**Input data**
◇ ◇ ◇ ◇

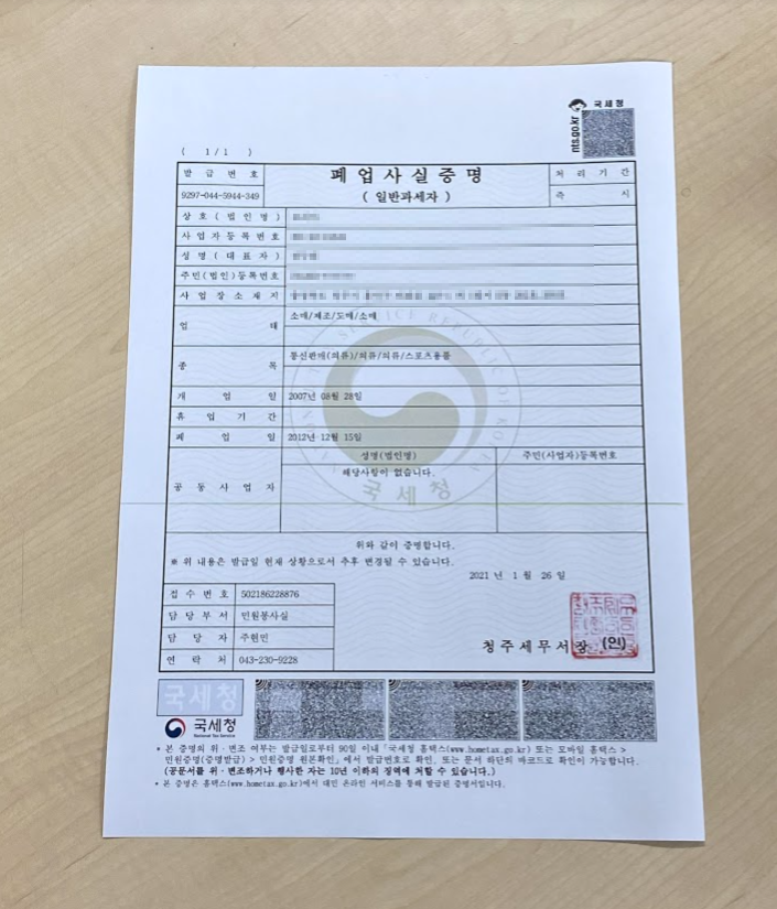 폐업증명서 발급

◇ ◇ ◇ ◇

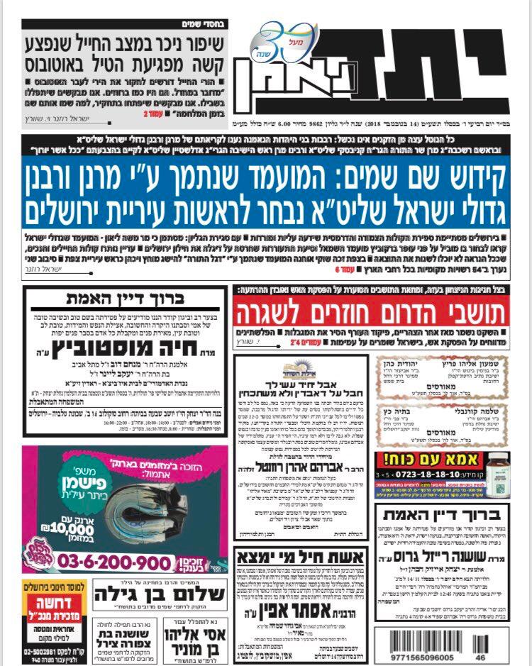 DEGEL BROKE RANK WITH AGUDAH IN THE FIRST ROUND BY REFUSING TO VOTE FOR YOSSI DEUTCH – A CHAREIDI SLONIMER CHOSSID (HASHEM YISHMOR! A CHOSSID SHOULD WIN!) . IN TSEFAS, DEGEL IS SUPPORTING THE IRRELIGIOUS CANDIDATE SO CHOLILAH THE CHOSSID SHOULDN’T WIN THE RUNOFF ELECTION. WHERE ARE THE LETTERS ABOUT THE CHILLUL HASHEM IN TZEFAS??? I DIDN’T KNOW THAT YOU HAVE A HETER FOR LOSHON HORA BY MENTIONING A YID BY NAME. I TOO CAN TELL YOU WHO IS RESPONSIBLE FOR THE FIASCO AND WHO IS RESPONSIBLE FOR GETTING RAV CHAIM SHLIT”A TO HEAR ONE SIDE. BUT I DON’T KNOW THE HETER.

◇ ◇ ◇ ◇

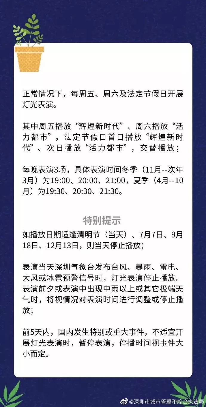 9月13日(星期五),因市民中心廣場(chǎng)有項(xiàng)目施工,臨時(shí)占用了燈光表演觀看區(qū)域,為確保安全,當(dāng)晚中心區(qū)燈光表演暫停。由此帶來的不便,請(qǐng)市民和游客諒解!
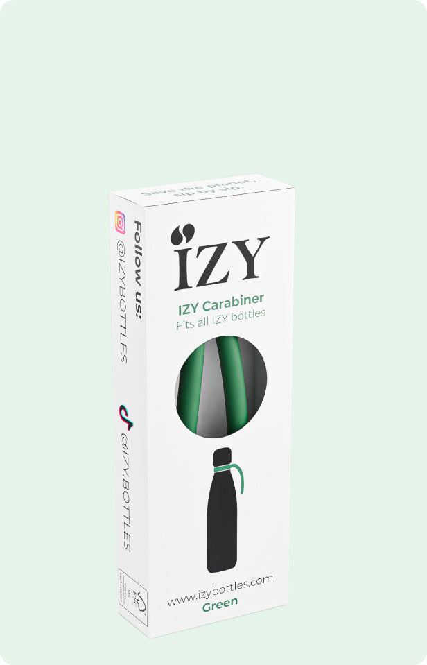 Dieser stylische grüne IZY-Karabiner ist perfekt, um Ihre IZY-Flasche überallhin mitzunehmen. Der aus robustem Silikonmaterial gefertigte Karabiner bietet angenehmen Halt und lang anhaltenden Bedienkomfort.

◇ ◇ ◇ ◇

Copy exactly the material above from the line with "9月13日(星期五),因市民" to the line with "Dieser stylische grüne", ends included, and nothing else. Leave out any picture.

 9月13日(星期五),因市民中心廣場(chǎng)有項(xiàng)目施工,臨時(shí)占用了燈光表演觀看區(qū)域,為確保安全,當(dāng)晚中心區(qū)燈光表演暫停。由此帶來的不便,請(qǐng)市民和游客諒解!
 Dieser stylische grüne IZY-Karabiner ist perfekt, um Ihre IZY-Flasche überallhin mitzunehmen. Der aus robustem Silikonmaterial gefertigte Karabiner bietet angenehmen Halt und lang anhaltenden Bedienkomfort.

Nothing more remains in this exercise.